*** Opening of Data under study ***
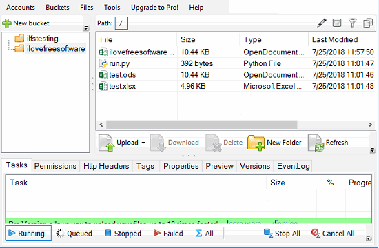This post covers 5 free Amazon S3 client software for Windows. If you use Amazon S3 as the cloud storage to store personal files then the following software will help you manage them. These software let you connect to your S3 storage cloud using AWS API keys and let you download, upload files. You can make new folders in the cloud and then upload files in them accordingly. These software work as the normal cloud explorer software to manage files on cloud. Some of the following software are dedicated S3 clients while some of them can also be used for connecting to other cloud storage services like Google Drive, Dropbox, etc.
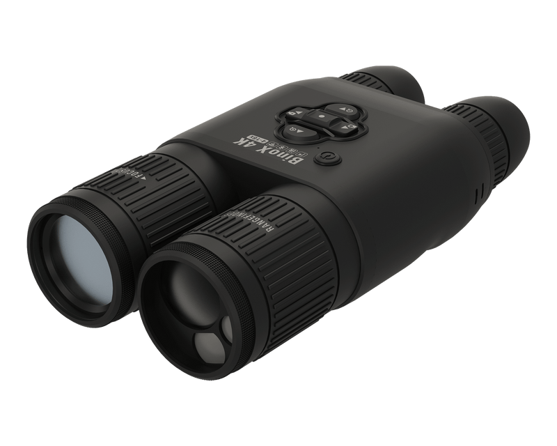See objects, animals, or persons in the dark, determine how far away they are, take (and stream) video, and even send ballistic info to your compatible riflescope with the BinoX-4K 4-16x65 Night Vision Binocular with Laser Rangefinder. This versatile optic shows day and night imagery on an internal 1280 x 720 display, with a built-in infrared illuminator enabling its 3864 x 2218 sensor in the darkest environments. Its built-in laser rangefinder measures distance from 5 to 1000 yards with 1-yard accuracy, and the BinoX-4K can send range information via Bluetooth to a compatible ATN SMART HD riflescope to determine point of impact with no need for a holdover. The BinoX-4K can capture still images or 1080p video at 30, 60, or 120 fps (daylight only), and saves them to a user-supplied microSD card (4 to 64GB). You can stream video - at the same time you record it - over Wi-Fi to an iOS or Android device running the ATN Obsidian 4 app. On your device, you can save, view ,and share your content. The BinoX-4K will run for 15 hours on a fresh charge; charge time with a user-supplied 2A adapter is 6 hours, using the included USB Type-C cable. Its housing is weather-resistant.
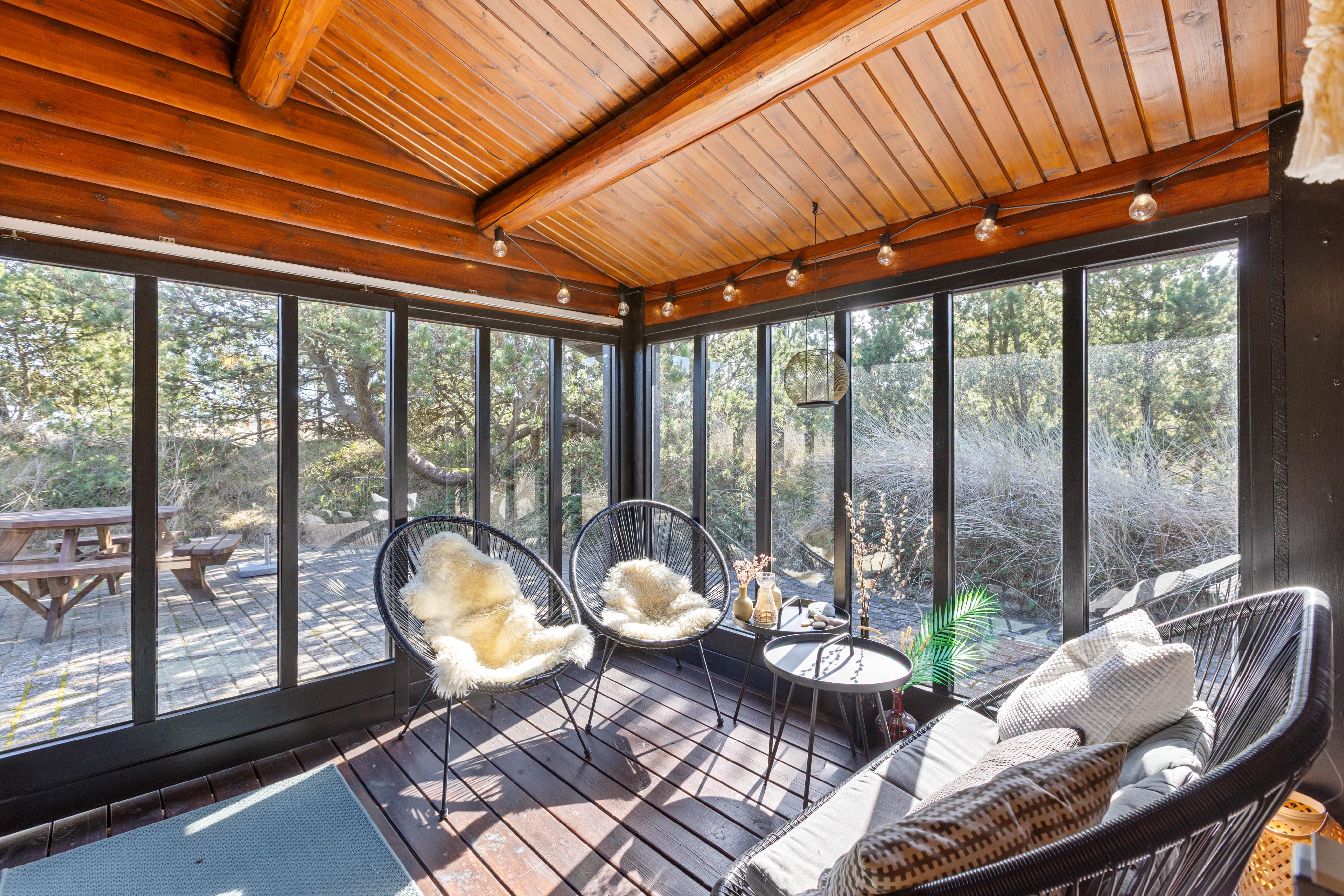 Et godt sted at kunne trække sig tilbage på de lidt køligere dage er udestuen, her er altid dejligt lunt.
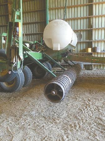 Andy Robson, Millbrook, Ontario, used the rollers off an old Deere culti-packer to build a low-cost packer that he mounted on front of his 6-row planter.
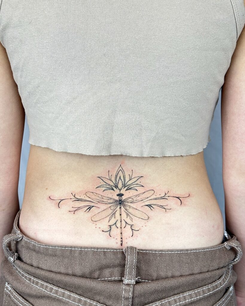 Эта татуировка на пояснице сочетает в себе стрекозу и цветок лотоса, создавая дизайн, полный баланса и символизма.
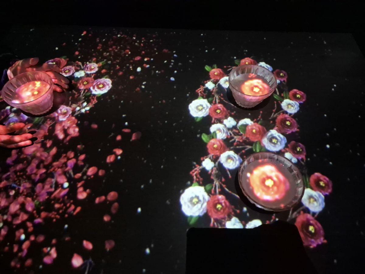 전시의 끝에서는 TEA BAR가 우리를 기다리고 있었습니다. 찻잔을 놓으면 동백꽃이 피는 모습은 정말 황홀했습니다.
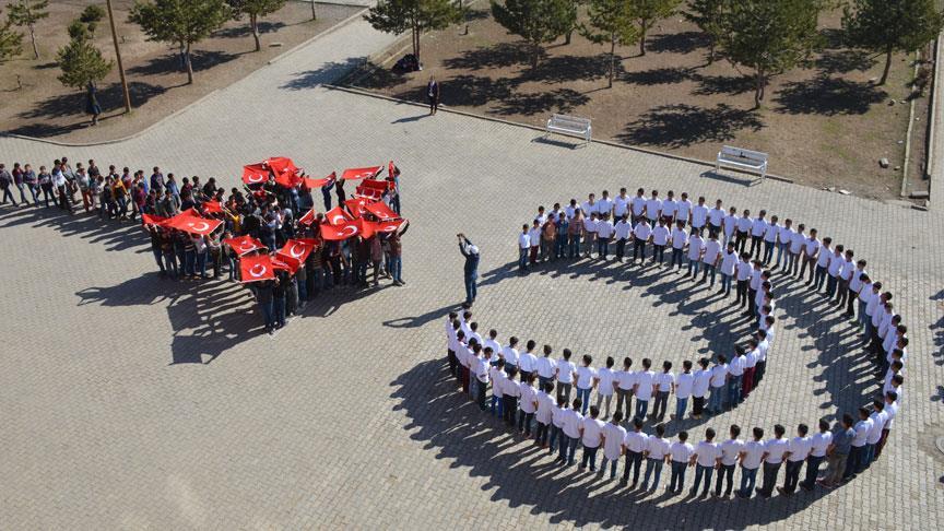 Muş'un Malazgirt ilçesinde ortaokul öğrencileri, ay yıldız koreografisi oluşturarak Zeytin Dalı Harekatı'na destek verdi.
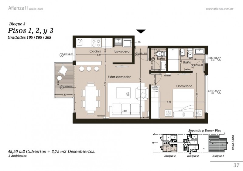 De 48,25 m² totales (45,50 m² cubiertos + 2,75 m² de balcón). Antigüedad 3 años.
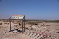 الأردن. غور الصافي، لوحة تفسيرية في موقع مصنع السكر الأثري تم تصميمها وتركيبها بدعم من المركز الأمريكي للأبحاث من خلال مشروع استدامة الإرث الثقافي بمشاركة المجتمعات المحلية
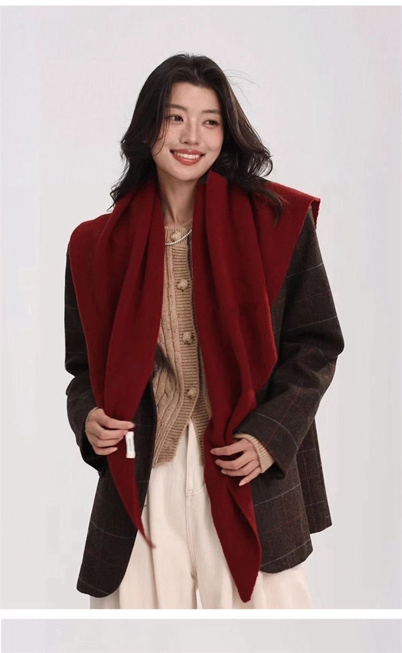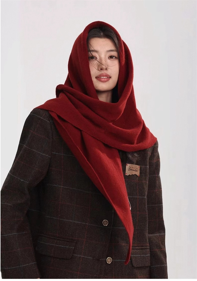 【達賀尊爵】百分百全羊毛安哥拉紅三角圍巾護頸保暖大披肩秋冬新(多色)
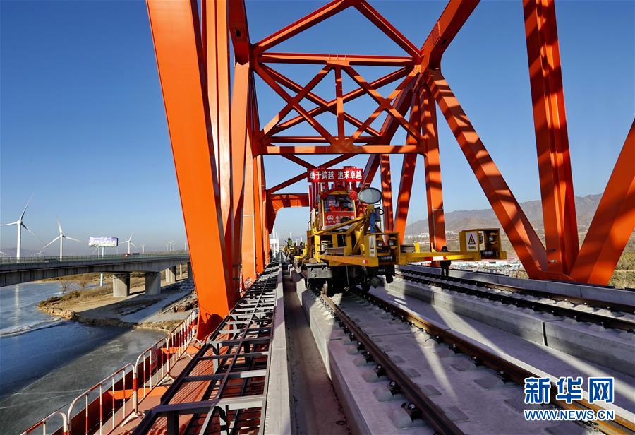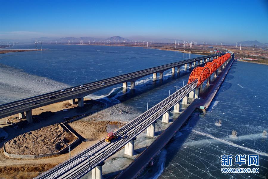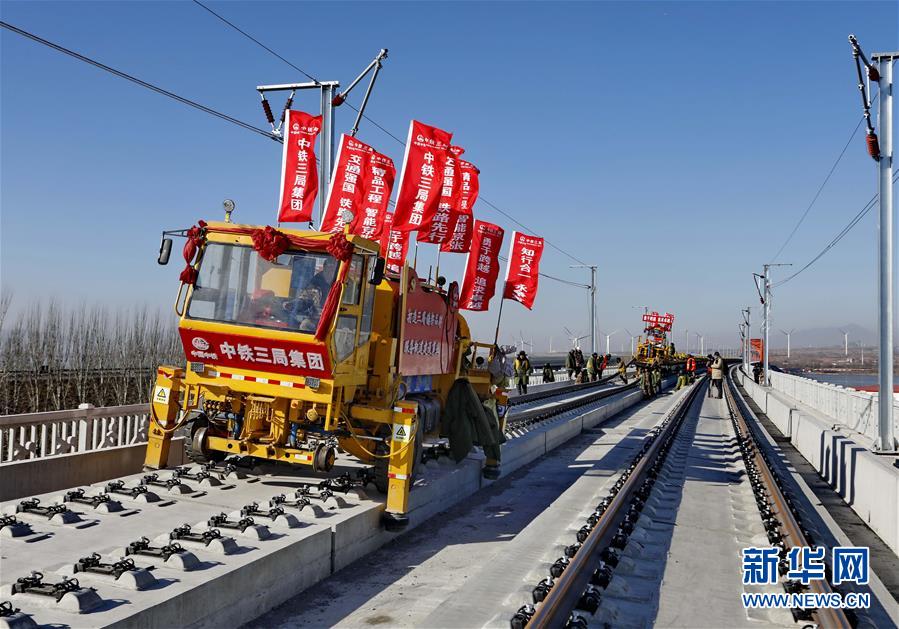 當日,京張高鐵官廳水庫特大橋鋪軌工作完成。京張高鐵全長174公里,是2022年北京冬奧會的重要交通保障線。
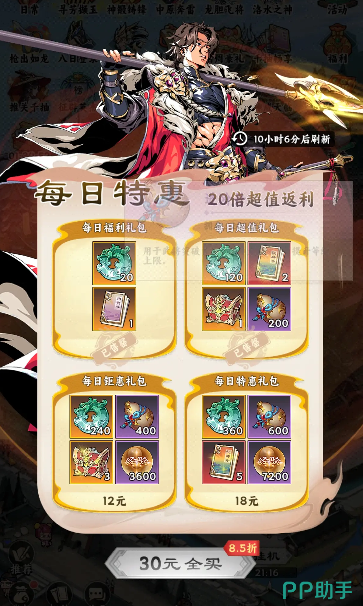 游戏整体采用轻度商业化路线,零氪与微氪用户均可完整体验全部内容。所有核心武将——包括高稀有度角色——均不设抽卡付费池,而是通过明确、可预期的免费途径获取:新手引导阶段赠送初始主力;日常战斗商店定时刷新;挂机系统持续产出基础武将碎片;周常任务提供整卡兑换资格。
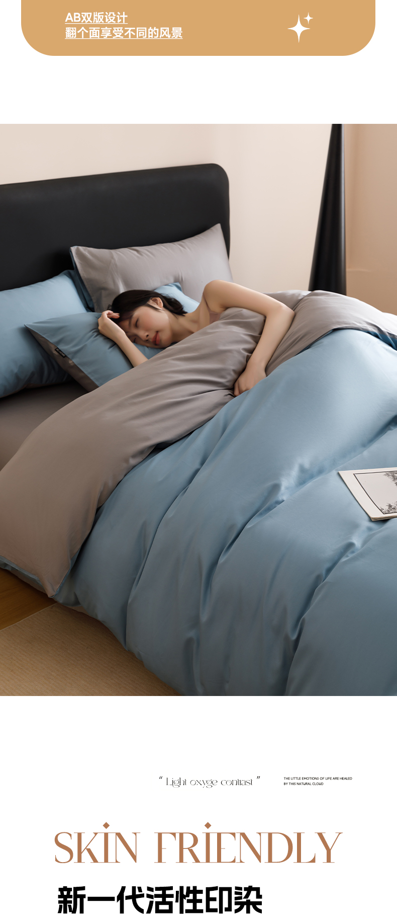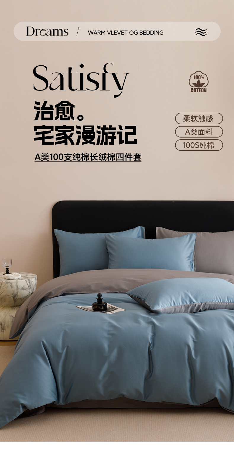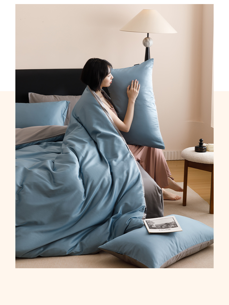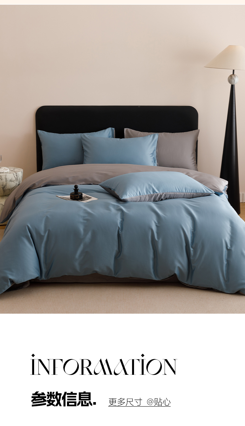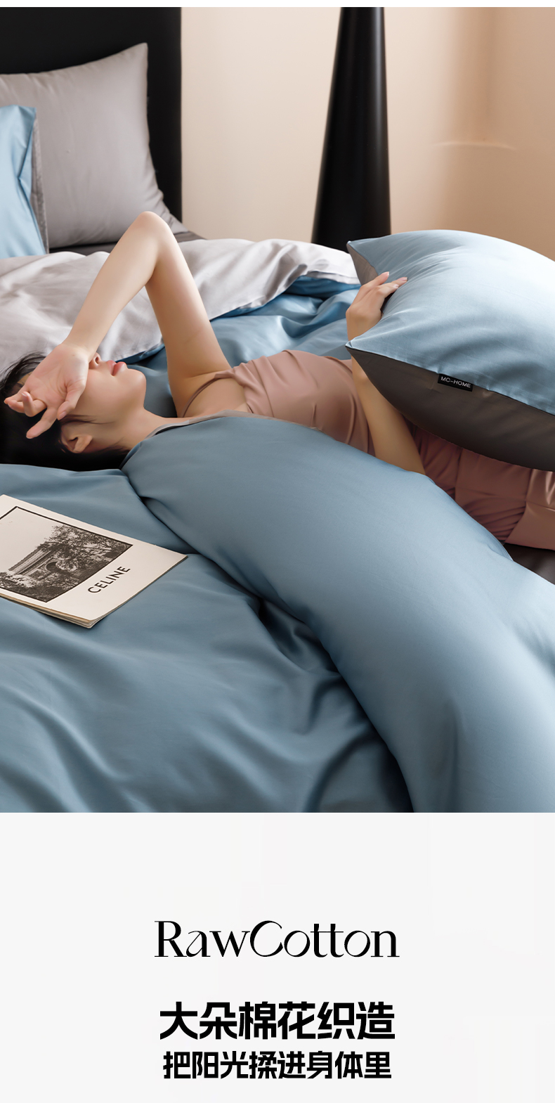 2025新款60支纯棉长绒棉四件套 繁星蓝+暖灰
*** Close of Data under study ***
Task to complete:
Copy exactly the lines from the one containing "游戏整体采用轻度商业化路线,零氪与微氪用" through the final line of the records above, both included, and leave out any pictures.

Result for this exercise:
 游戏整体采用轻度商业化路线,零氪与微氪用户均可完整体验全部内容。所有核心武将——包括高稀有度角色——均不设抽卡付费池,而是通过明确、可预期的免费途径获取:新手引导阶段赠送初始主力;日常战斗商店定时刷新;挂机系统持续产出基础武将碎片;周常任务提供整卡兑换资格。
 2025新款60支纯棉长绒棉四件套 繁星蓝+暖灰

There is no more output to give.